It is worth noting that ortho-proteogenomic extension of the corrected annotations to phylogenetically-related microorganisms reinforces the interest of proteogenomic studies for poorly studied bacterial phyla. Ortho-proteogenomic analyses have, to date, been limited to only two genera, Mycobacterium  and Yersinia , and have not been extended beyond this taxonomic level. In the present work, we exploited the MS/MS data combined with comparative genomics to extend re-annotations for genomes from higher taxonomic ranks. Although all sequenced members of the Roseobacter clade are distantly related, they all form a robust cluster with a high rate of similarities at the 16S RNA nucleotide sequence level . We have successfully extended the identified N-terminal annotation of the 486 proteins detected in R. pomeroyi to 9887 homologous genes in the thirty-six sequenced Roseobacter isolates, corresponding to nineteen distinct genera. In this way, 1082 genes that were wrongly annotated were confidently corrected. This represents 11% of the total number of ORFs considered. To highlight the importance of manual curation of genome annotations, the rate of erroneous N-terminal identifications decreased to 6.8% when considering only the four complete Roseobacter genomes included in this study. These error rates are probably slightly underestimated as we only considered the conserved and obvious corrections. It is important to note that the full rate of badly annotated N-terminal genes established on the well-annotated genome of R. pomeroyi was 12.8%. A more comprehensive annotation of the clade could only be accomplished by integrating a comparative proteogenomic analysis of various Roseobacter strains, as previously carried out with the genus Shewanella (Gupta et al 2008).
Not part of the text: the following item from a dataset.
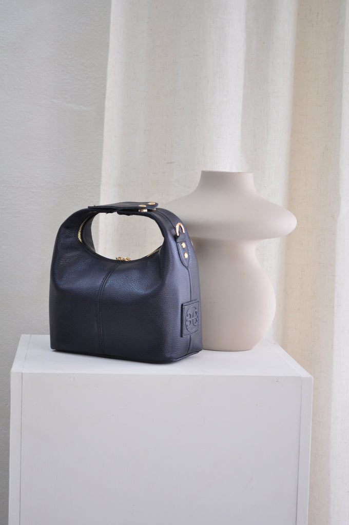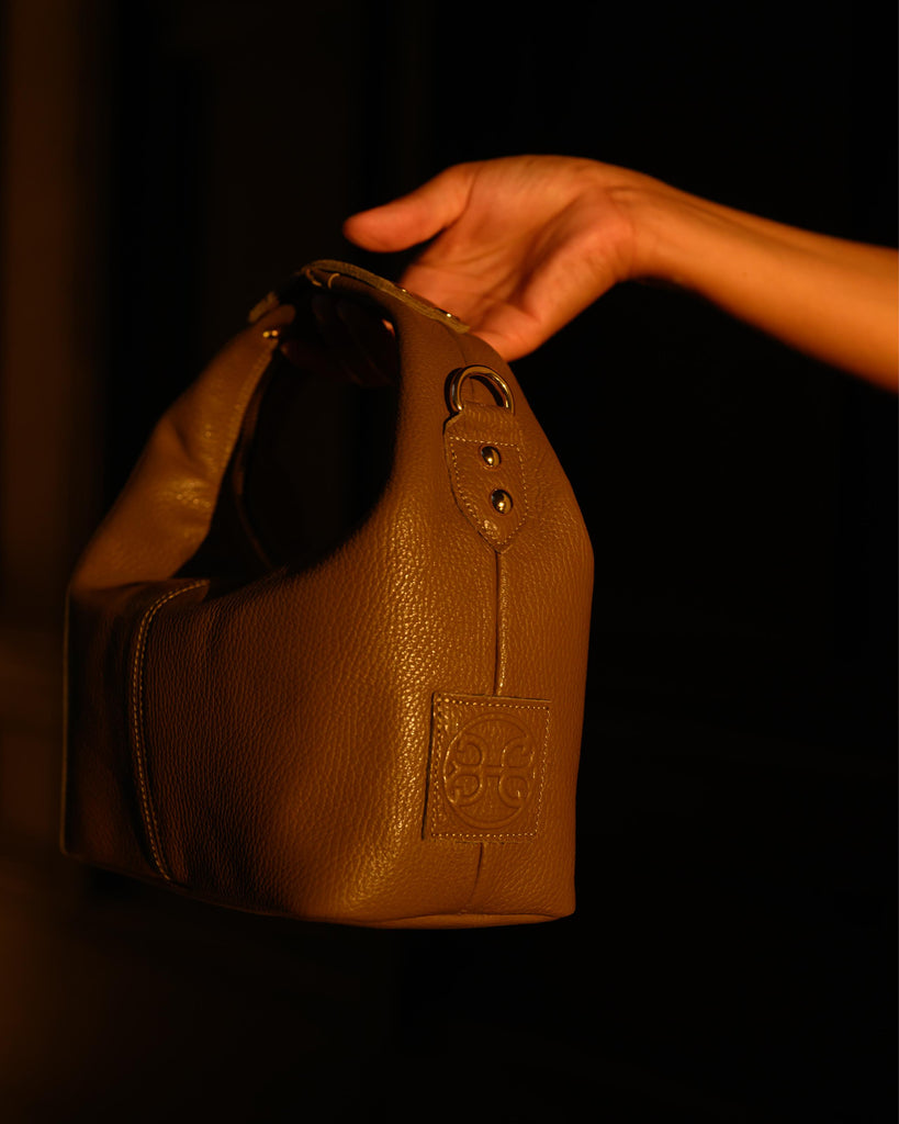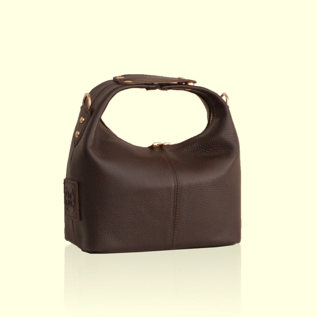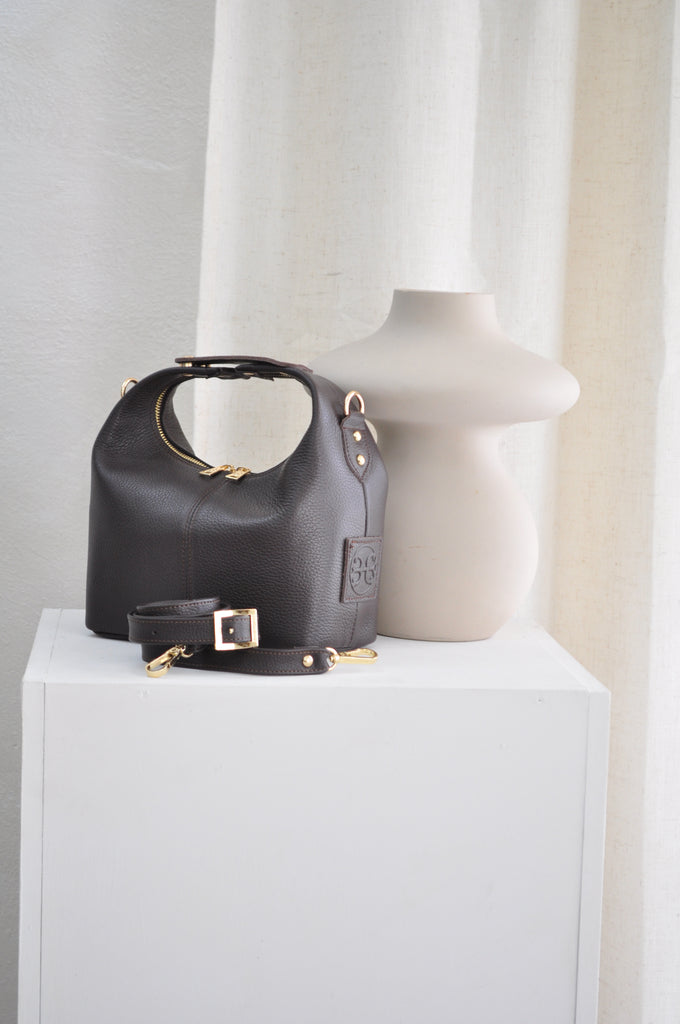 Il s'agit d'un sac à main en cuir au design architectural unique. Les deux anses sont prolongées et réunies en cercle sous le logo Bonendis embossé. Sur le côté de ce magnifique modèle est placée une sangle en cuir réglable, avec une élégante couture détaillée qui le transforme en un sac de corps à main libre.

Finally, the identification of operon structures by RT-PCR has given insights of the plausible function of the novel proteins identified in the present study. Bacterial genomes are usually well structured and regulated in the form of operons. Remarkably, we found that most of the novel, proteogenomic-detected CDSs were identified in operons encoding catabolic functions for amino acid degradation, RTX-like secreted proteins or central citric cycle metabolism. Because most of the biological conditions were carried out in a peptide broth , this catabolism is privileged and such discovery may be advantaged. Whether the genes encoded in the close neighbourhood of genes specifying RTX-like toxins are part of the protein secretion system or associated factors is an interesting question, as such toxins can be abundantly secreted, as previously shown [24, 38]. Moreover, we identified novel CDSs with no ascribable function in operons encoding essential determinants of the citric acid cycle. These novel CDSs are not at all conserved among other Roseobacter members, but their presence is a common topic restricted to members of this clade. Whether these genes encode proteins that enhance this central metabolic cycle in these bacteria or are opportunistic genes that specifically appear in this operon because of the advantage of their high expression is an open question. The presence of the novel proteins found in the citric acid cycle operon in R. pomeroyi could represent snapshots of how novel proteins with novel specific functions arise during evolution.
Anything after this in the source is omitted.